• AVAILABLE DATA:
● ● ● ● ● ● ●

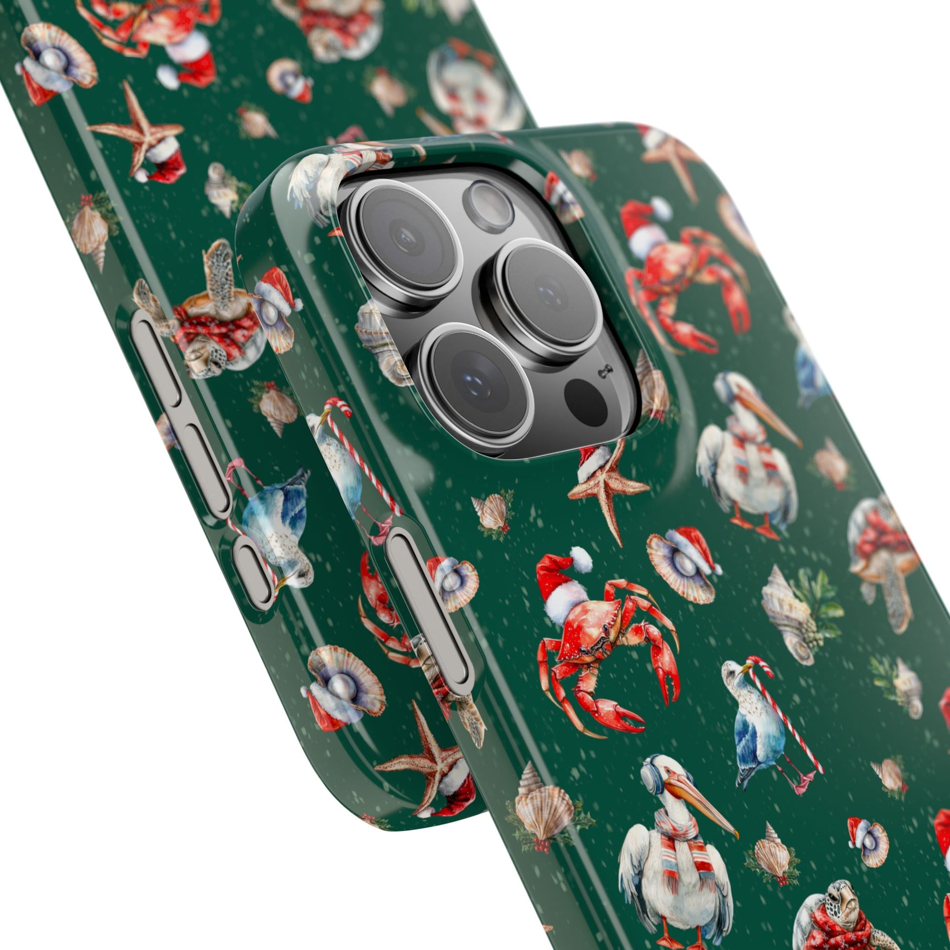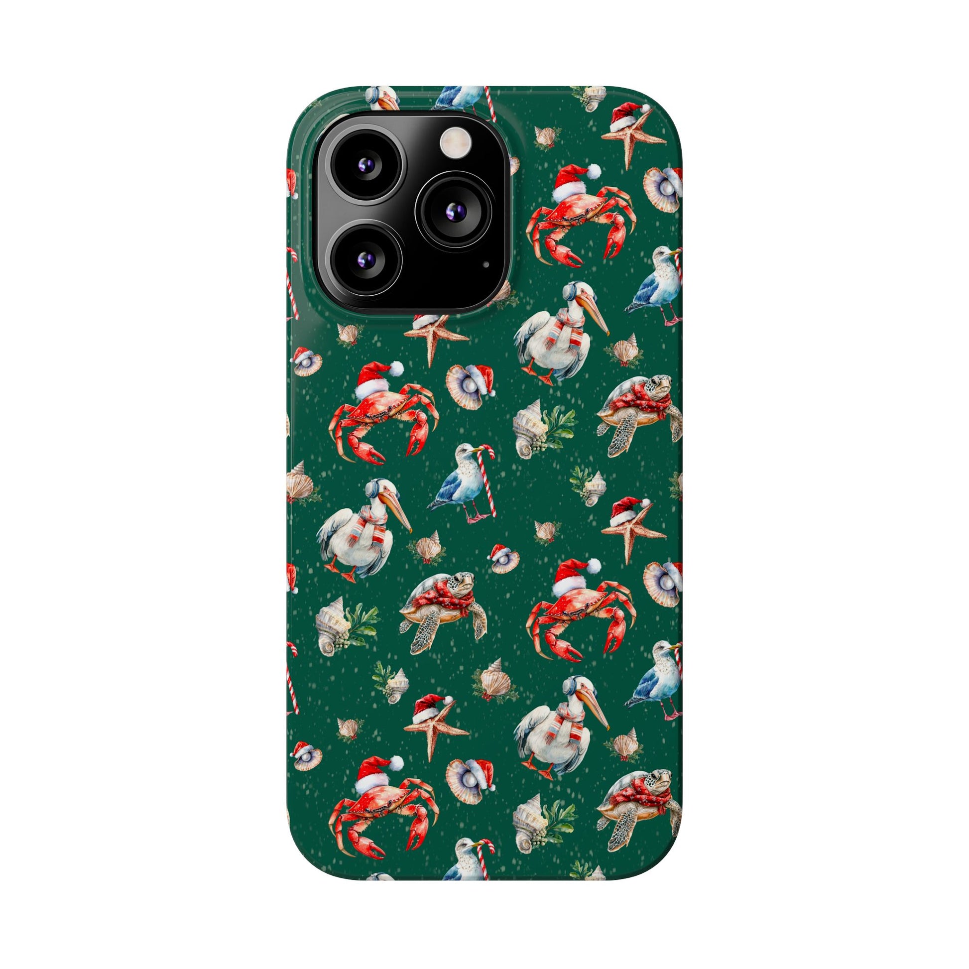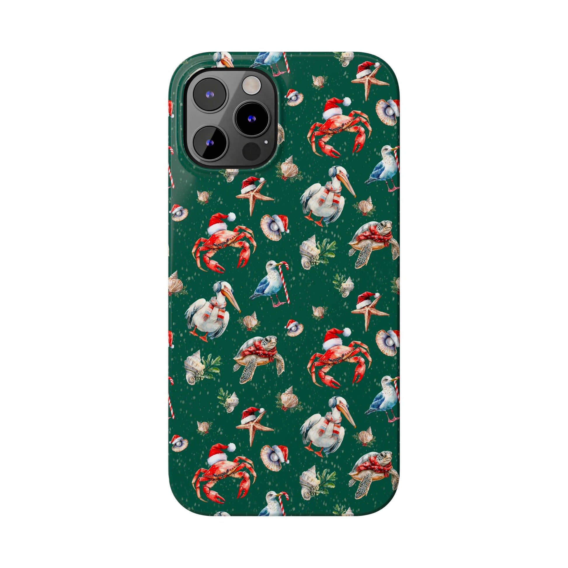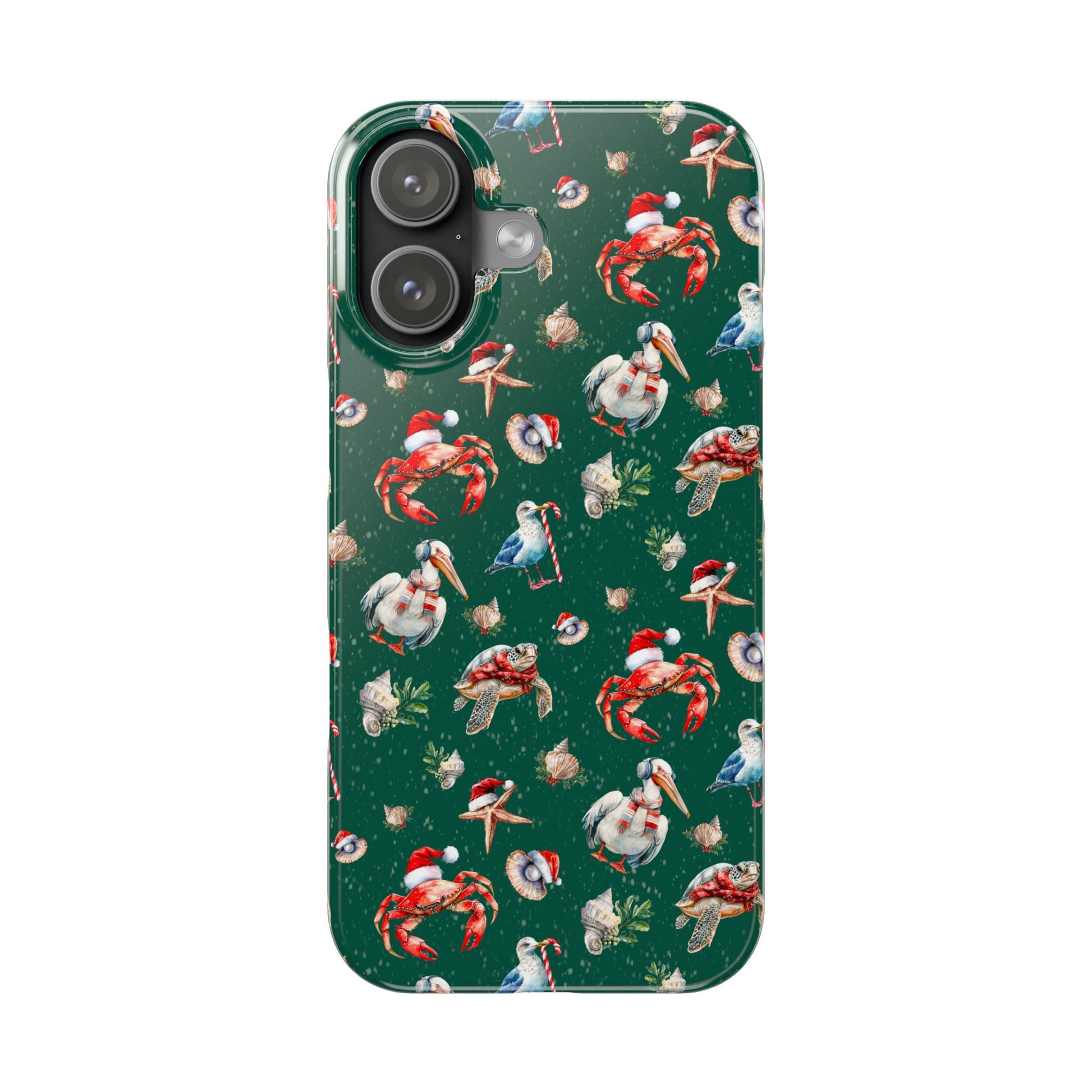 Coastal Birds Slim Phone Case, Shellfish Holiday Design, Festive Coastal Accessories, Beachy Phone Cover, Ocean Lover Gift, Nautical Phone
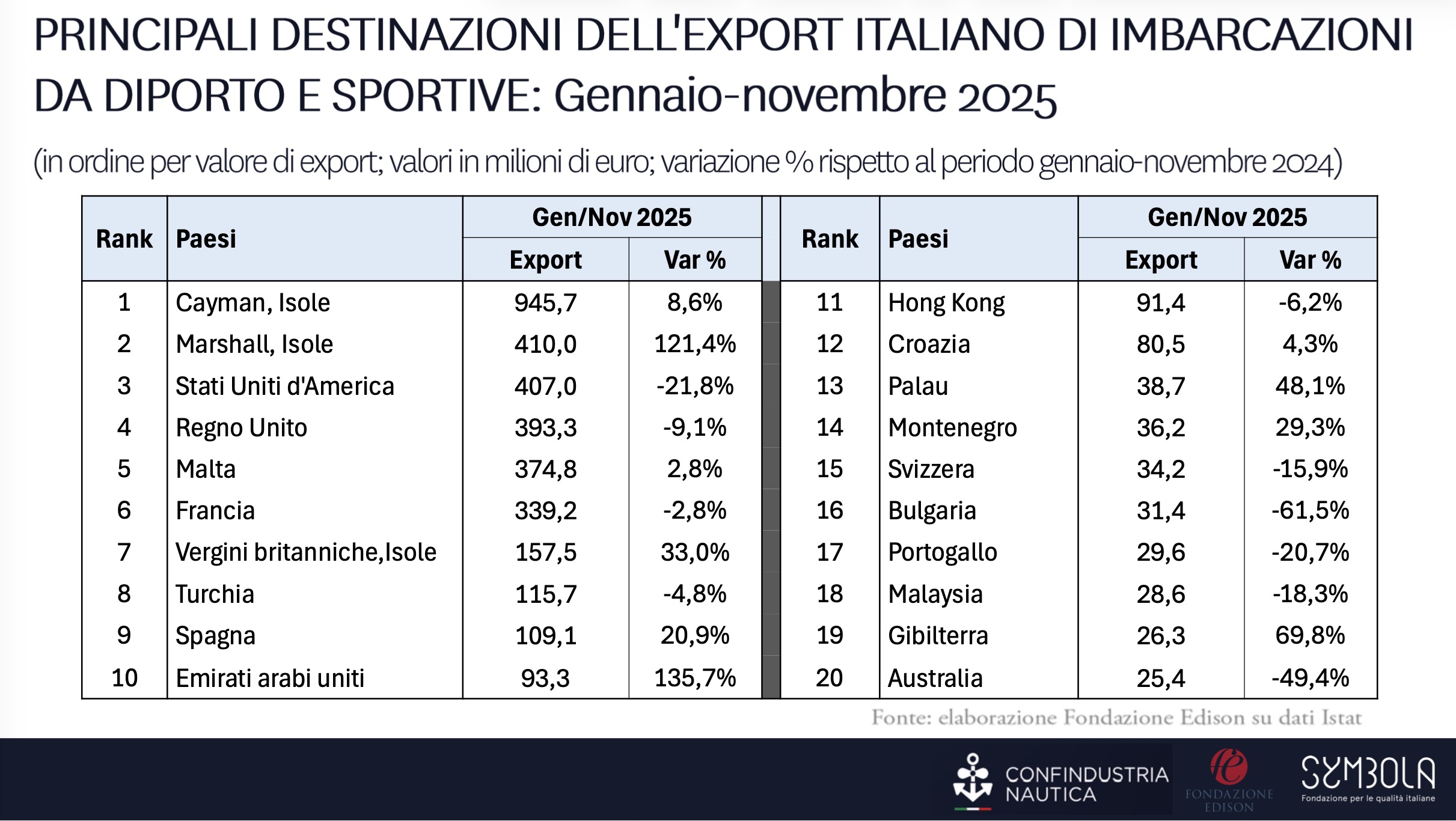 Il settore sta tuttavia entrando in una fase di progressiva stabilizzazione: i grandi yacht continuano a sostenere il mercato e a trainare le esportazioni, mentre la nautica di dimensioni più contenute attraversa una fase più complessa.
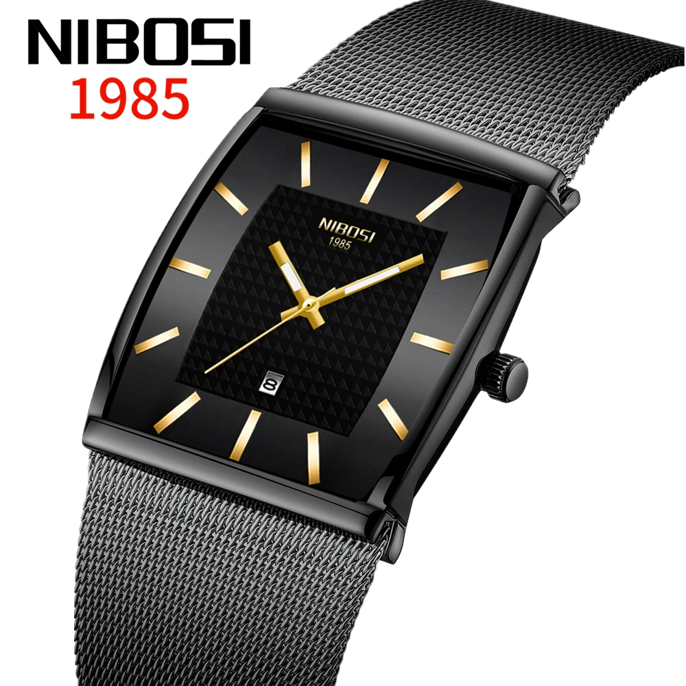 2021 мужские часы NIBOSI квадратного дизайна, Роскошные ультратонки...
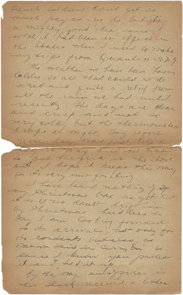 I have heard nothing of my Christmas box as yet but it will no doubt drift in by Christmas. Needless to say, I am looking forward to its arrival, not only for its contents, but also as [Coningsby] Dawson said in “Carry On,” because I know you packed it and tied it up. By the way, an officer in this shack received a letter from a friend of his in New York who said she met sister at Doctor Riley’s. Rather a coincidence, ain’t it?
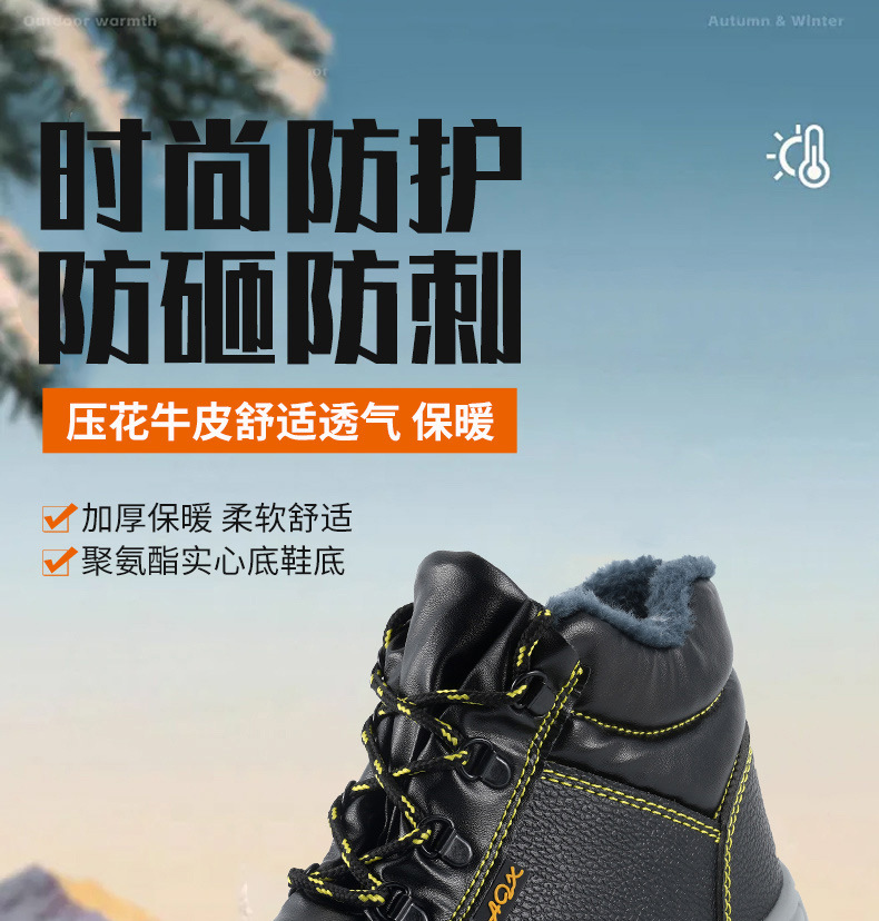 Зимняя бархатная обувь для защиты труда мужская противоударная и проколотая, износостойкая, холодостойкая, теплая и безопасная рабочая обувь оптом
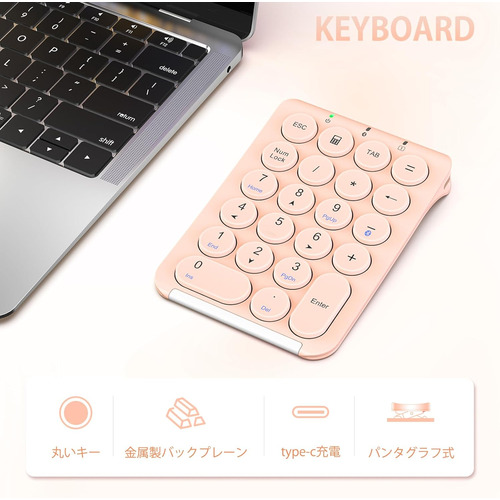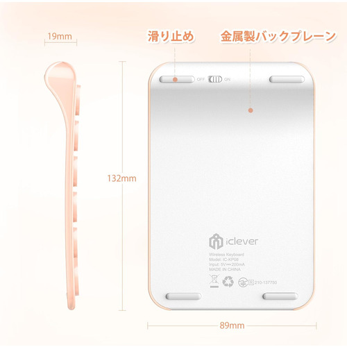 iClever ICKP08PI ワイヤレステンキー Bluetoorh対応 エルゴノミクスデザイン Windowsv Mac対応 ピンク
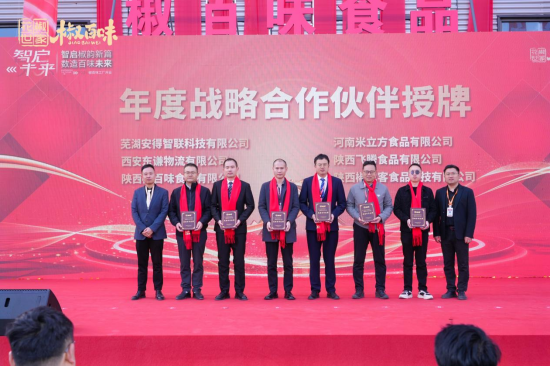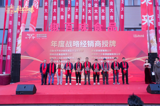 盛典期间,花椒世家为来自全国各地的优秀经销商与战略合作伙伴举行了隆重的授牌仪式。涵盖北京、成都、郑州、乌鲁木齐等关键市场的渠道伙伴,以及安得智联、米立方等产业链核心企业代表依次上台接受授牌。这一环节充分展示了花椒世家强大的渠道凝聚力与健康的产业生态,凸显了“厂商一体、互利共赢”的合作伙伴关系。

● ● ● ● ● ● ●

• WHAT IS REQUIRED: The line containing "Зимняя бархатная обувь" and every line after it, through the end of the records, are what you should retype exactly. Do not include the pictures.

• TASK RESULT:
 Зимняя бархатная обувь для защиты труда мужская противоударная и проколотая, износостойкая, холодостойкая, теплая и безопасная рабочая обувь оптом
 iClever ICKP08PI ワイヤレステンキー Bluetoorh対応 エルゴノミクスデザイン Windowsv Mac対応 ピンク
 盛典期间,花椒世家为来自全国各地的优秀经销商与战略合作伙伴举行了隆重的授牌仪式。涵盖北京、成都、郑州、乌鲁木齐等关键市场的渠道伙伴,以及安得智联、米立方等产业链核心企业代表依次上台接受授牌。这一环节充分展示了花椒世家强大的渠道凝聚力与健康的产业生态,凸显了“厂商一体、互利共赢”的合作伙伴关系。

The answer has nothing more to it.